**WHAT TO DO**: Below are the records; copy exactly the stretch from the line containing "SA collection of" through the line containing "以中国古代花轿为艺术灵感的景泰蓝国宝六绝《喜事临门》等等", both ends included, and nothing else.

**DATA SUPPLIED**:
·····
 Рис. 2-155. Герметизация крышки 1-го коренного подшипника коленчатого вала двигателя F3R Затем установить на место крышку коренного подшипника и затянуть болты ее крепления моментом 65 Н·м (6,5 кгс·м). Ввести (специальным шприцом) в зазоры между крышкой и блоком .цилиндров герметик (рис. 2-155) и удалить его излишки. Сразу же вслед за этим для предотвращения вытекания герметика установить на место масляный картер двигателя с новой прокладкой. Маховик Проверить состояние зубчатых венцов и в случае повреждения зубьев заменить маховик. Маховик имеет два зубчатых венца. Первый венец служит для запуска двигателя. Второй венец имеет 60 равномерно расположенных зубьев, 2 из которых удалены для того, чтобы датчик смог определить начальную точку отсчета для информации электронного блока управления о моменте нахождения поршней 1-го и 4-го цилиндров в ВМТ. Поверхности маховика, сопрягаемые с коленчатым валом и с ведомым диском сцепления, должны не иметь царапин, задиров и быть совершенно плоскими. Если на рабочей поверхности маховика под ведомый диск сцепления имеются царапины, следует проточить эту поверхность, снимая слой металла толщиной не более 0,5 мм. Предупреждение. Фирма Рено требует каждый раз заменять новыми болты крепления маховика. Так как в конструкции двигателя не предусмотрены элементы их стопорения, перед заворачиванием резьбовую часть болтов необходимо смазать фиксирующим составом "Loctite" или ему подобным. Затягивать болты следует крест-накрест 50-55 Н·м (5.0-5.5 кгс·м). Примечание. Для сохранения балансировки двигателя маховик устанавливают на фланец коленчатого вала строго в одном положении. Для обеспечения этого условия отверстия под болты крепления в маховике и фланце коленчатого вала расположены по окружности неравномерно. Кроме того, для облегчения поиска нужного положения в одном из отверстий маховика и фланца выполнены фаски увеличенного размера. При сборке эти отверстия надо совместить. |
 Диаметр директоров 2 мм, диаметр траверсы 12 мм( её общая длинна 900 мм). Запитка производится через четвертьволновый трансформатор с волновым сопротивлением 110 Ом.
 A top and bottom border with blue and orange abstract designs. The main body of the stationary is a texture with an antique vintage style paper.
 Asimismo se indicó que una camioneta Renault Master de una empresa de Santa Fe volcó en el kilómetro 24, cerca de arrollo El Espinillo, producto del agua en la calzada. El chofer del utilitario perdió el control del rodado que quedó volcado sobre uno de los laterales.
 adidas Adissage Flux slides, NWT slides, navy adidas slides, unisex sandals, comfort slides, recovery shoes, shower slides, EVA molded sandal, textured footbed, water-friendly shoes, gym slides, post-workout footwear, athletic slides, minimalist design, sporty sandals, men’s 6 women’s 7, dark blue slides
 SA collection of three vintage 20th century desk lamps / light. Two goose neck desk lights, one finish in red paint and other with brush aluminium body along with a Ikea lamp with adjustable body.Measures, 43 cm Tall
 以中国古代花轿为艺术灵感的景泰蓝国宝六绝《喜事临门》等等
·····
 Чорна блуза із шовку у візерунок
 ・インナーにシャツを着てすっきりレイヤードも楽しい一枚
·····
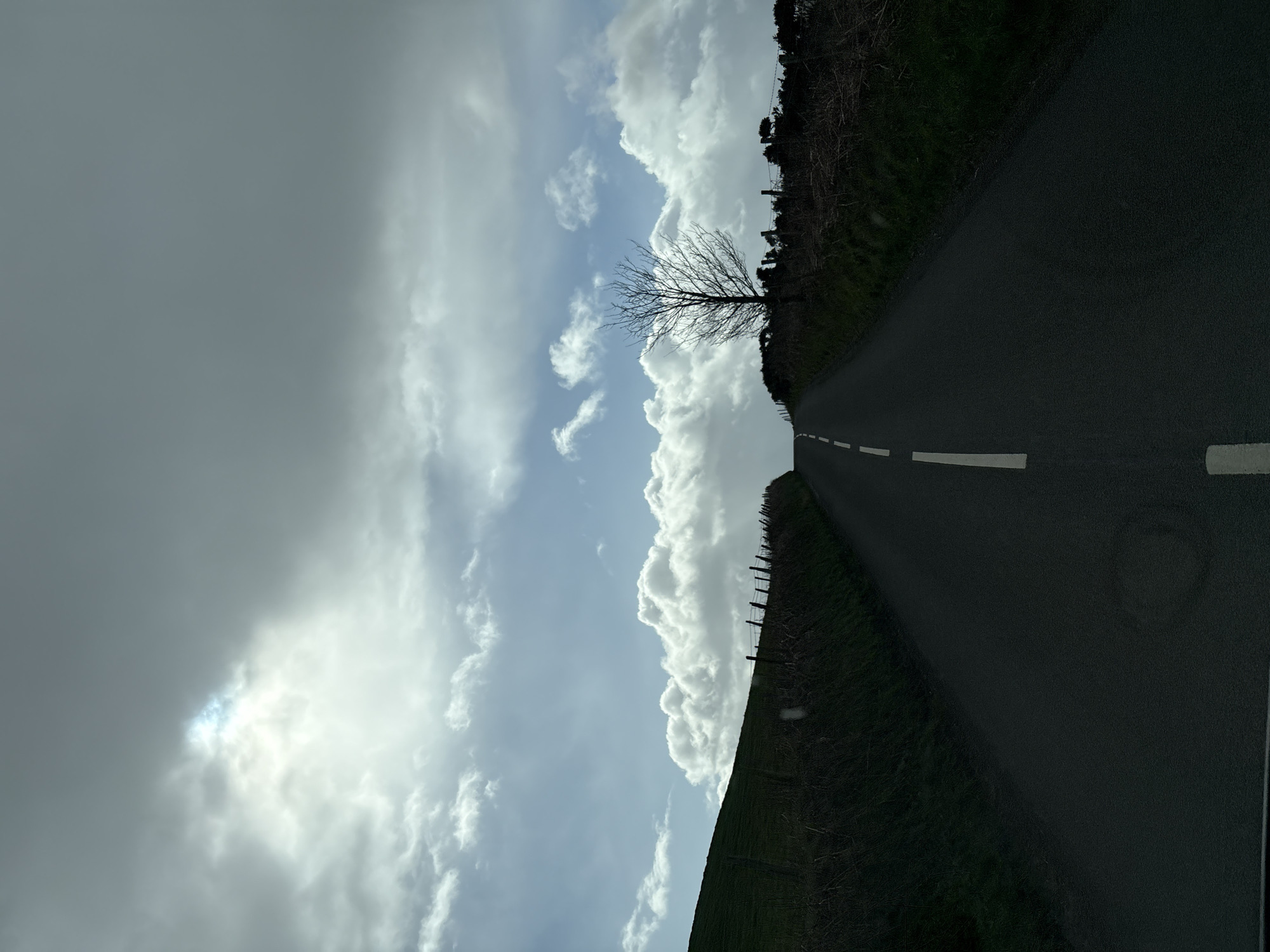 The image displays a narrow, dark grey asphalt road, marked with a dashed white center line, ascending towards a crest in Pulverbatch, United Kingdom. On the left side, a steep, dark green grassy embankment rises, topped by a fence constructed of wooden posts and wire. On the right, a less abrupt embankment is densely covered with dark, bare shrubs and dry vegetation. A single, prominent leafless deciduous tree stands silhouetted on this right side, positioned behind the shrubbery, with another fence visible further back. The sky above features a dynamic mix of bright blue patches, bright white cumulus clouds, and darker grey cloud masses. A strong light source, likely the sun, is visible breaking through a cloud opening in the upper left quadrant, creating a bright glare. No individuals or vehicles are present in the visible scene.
·····
**WRITTEN ANSWER**:
 SA collection of three vintage 20th century desk lamps / light. Two goose neck desk lights, one finish in red paint and other with brush aluminium body along with a Ikea lamp with adjustable body.Measures, 43 cm Tall
 以中国古代花轿为艺术灵感的景泰蓝国宝六绝《喜事临门》等等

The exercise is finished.